政策論題とはあることをすべきか否かを議論することでしたが、政策論題のなかには価値論題が含まれています。例えば「日本は捕鯨を禁止すべきか」という政策論題には「捕鯨は良いか悪いか」という価値論題が含まれています。
価値観は「視点」により異なり、価値観の相違を認識していない議論が平行線をたどることもあります。
価値観には大きく分けて「価値判断」と「価値基準」の2つがあります。まずは価値判断から説明します。
価値判断とは
価値判断とは、ある事柄について人の主観により「良い・悪い」、「善・悪」、「好き・嫌い」、「勝利・敗北」、「何にどれだけの価値を認めるか」、「何が大事で何が大事でないか」、「物事の優先順位」を判断することです。
■価値判断と事実判断の違い
「この鳥は青い」は事実判断ですが、「この鳥は美しい」は価値判断です。
「ジョージ・ワシントンは米国の初代大統領である」は事実判断ですが、
「ジョージ・ワシントンは米国で最も偉大な大統領である」は価値判断です。
「この部屋の室温は10度である」は事実判断ですが、
「この部屋は寒い」は価値判断です。
「どの映画が最も素晴らしいか」、「どの画家が最も素晴らしいか」は価値判断に関する議論です。
「豊かな国は貧しい国を援助すべき(orすべきでない)」という意見は価値判断を伴っています。
「安楽死を認めるべき(or認めるべきでない)」という意見も価値判断を伴っています。
価値判断を表現する言葉は沢山あります。
プラスの価値→「楽しい」「高揚する」「かわいい」「面白い」「おいしい」「感動した」「美しい」「気持ちいい」など。
マイナスの価値→「退屈」「つらい」「腹が立つ」「つまらない」「まずい」「悲しい」「汚い」「気持ち悪い」「痛い」など。
一歩進んでこんなものも価値判断です。
「自分の家族1人を含む11人が命の危険にさらされている。あなたは10人の他人を助けるか、1人の家族を助けるか選ぶことができる」という状況で10人を助けるのを「良い」とするのも、1人の家族を助けるのを「良い」とするのも価値判断です。
■価値判断は「視点」により異なる
価値の重みはそれを判断する人や、その人の置かれている状況によって変化します。バナナよりもリンゴのほうが好きな人もいれば、リンゴよりもバナナのほうが好きな人もいます。ある服に5万円までなら出しても良いと思っている人もいれば、同じ服に1万円までしか出さない人もいます。ある人はスポーツが趣味で、ある人はアニメが趣味です。
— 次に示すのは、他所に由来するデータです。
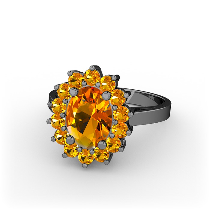 Sitrin 925 ayar siyah rodyum kaplama gümüş yüzük
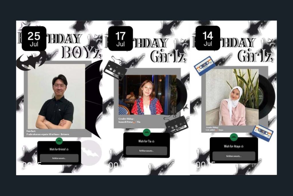 Pada dasarnya, Wellbeing Program menyatukan berbagai komponen yang bertujuan untuk meningkatkan kebahagiaan dan hubungan anggota BEM KM Psikologi Universitas Airlangga. Terdapat beberapa program yang dirancang untuk meningkatkan kebahagiaan dan hubungan anggota BEM KM diantaranya ucapan selamat ulang tahun. Mengucapkan ulang tahun dilakukan untuk merayakan hari istimewa setiap anggota sehingga mereka merasa dihargai dan diakui dalam BEM KM. Selain itu, tulisan apresiasi juga ditampilkan secara teratur dalam mengakui pencapaian dan kontribusi individu serta memperkuat budaya pengakuan dan rasa terima kasih. Terakhir, kegiatan bonding yang akan dilaksanakan 3 kali selama masa periode untuk mendorong kekompakan dan persahabatan tim serta memberikan kesempatan bagi anggota untuk terhubung secara pribadi di luar tanggung jawab profesional mereka. Bersama-sama, komponen-komponen ini membentuk pendekatan holistik terhadap kesejahteraan anggota, mendorong rasa memiliki, penghargaan, dan mempererat hubungan interpersonal dalam BEM KM Psikologi Universitas Airlangga sehingga SDGs good health and well-being tercipta di lingkungan BEM KM Psikologi Universitas Airlangga.
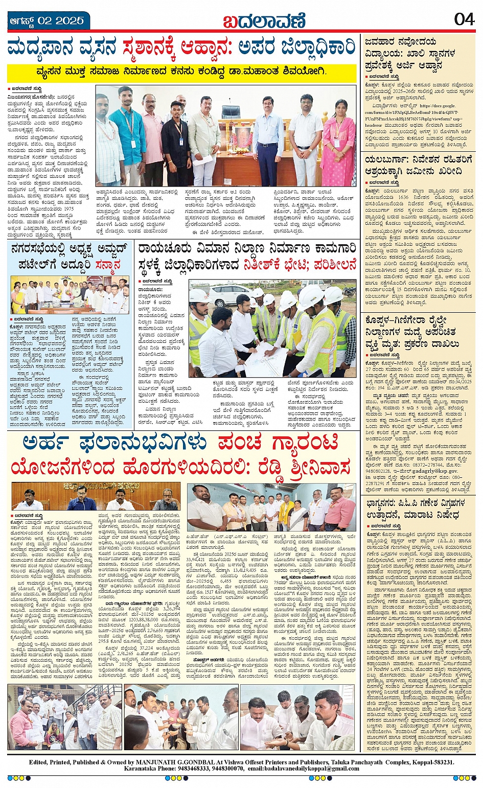 ಬದಲಾವಣೆ 02 AUGUST 2025 Page: 4 August 02, 2025 << First << 4 >> Last >> Page 1Page 2Page 3Page 4 × ಬದಲಾವಣೆ 02 AUGUST 2025 page-1page-2page-3page-4 << First << 4 >> Last >> page-1page-2page-3page-4 page-4
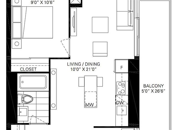 This is a 1 bedroom, 1.0 bathroom, apartment home. This home is located at 1030 King St W #410, Toronto, ON M6K 0B4.
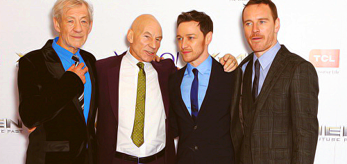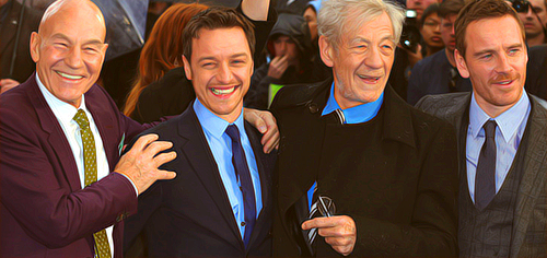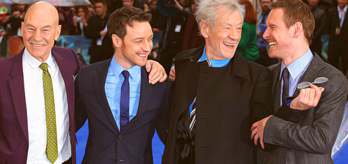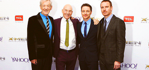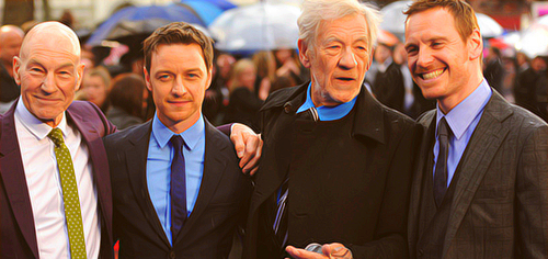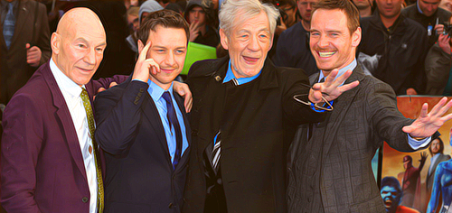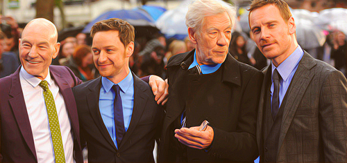 LONDON, ENGLAND - MAY 12: (L-R) Actors Sir Patrick Stewart, James McAvoy, Sir Ian McKellen and Michael Fassbender attend the UK Premiere of ‘X-Men: Days of Future Past’ at Odeon Leicester Square on May 12, 2014 in London, England.
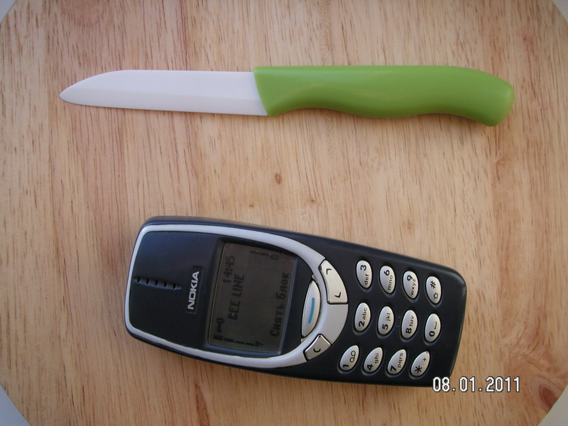 Так и предполагал изначально. Это распространенная дешевая уловка для некачественных ножей. На саму режущую кромку тончайшим слоем наносят напыление на основе алмазной крошки или каких-либо металлов, чтобы нож мог резать. И тут не важно из чего сделан сам клинок - из керамики или из пластмассы. Так что в данном случае все эти сказки про оксиды циркония - лишь очередная фигня на постном масле. Уж лучше тогда из стали ножи делать с таким же напылением, тогда ножи хоть раскалываться не будут.
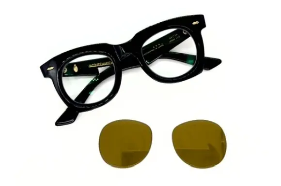 さらに、アールデコ調のデザインを施したテンプルの芯金(ワイヤーコア)や、ダブルアローヘッド、スフィア型のオリジナルヒンジパーツを採用し、高級感をさりげなく演出しています。フレンチヴィンテージの要素を色濃く残し、1940年代のフランスのクラシックフレームに見られる丸みのあるレンズとエッジを立たせた角ばったフレームのコントラストが特徴。重厚感のあるフロントはテレビジョンカットで仕上げられ、素材の厚みが際立つデザイン。

生きたくても生きられない人がいる一方で、もう死にたがっている人もいます。
食べたくても食べられない人がいる一方で、もう食べたくない人もいます。
学校へ行きたくても行けない子がいる一方で、学校へ行きたくない子もいます。
これらは視点による価値判断の違いであり、それぞれがその人にとっての真実です。
あらゆる状況において全ての人に共通する価値判断は存在しません。
分かりやすくまとめたのがコチラ
前提1.Aさんは薄着のときに10度の気温を寒いと感じる。(視点)
前提2.今Aさんは薄着で気温は10度である。(状況)
前提1と2ゆえ.Aさんは寒いと感じる。・・・(結論)
前提が固定されていれば結論も固定されますが、
視点や状況が変化すると結論も様々に変わってしまいます。
価値を判断するための基準が「価値基準」
良し悪しや善悪は価値基準により変化します。そして価値基準は無数に存在します。例えばある人が素晴らしい人であるかを評価するにも、容姿という価値基準、経済力という価値基準、人格という価値基準、知恵という価値基準などがあり、そのそれぞれに良し悪しがあります。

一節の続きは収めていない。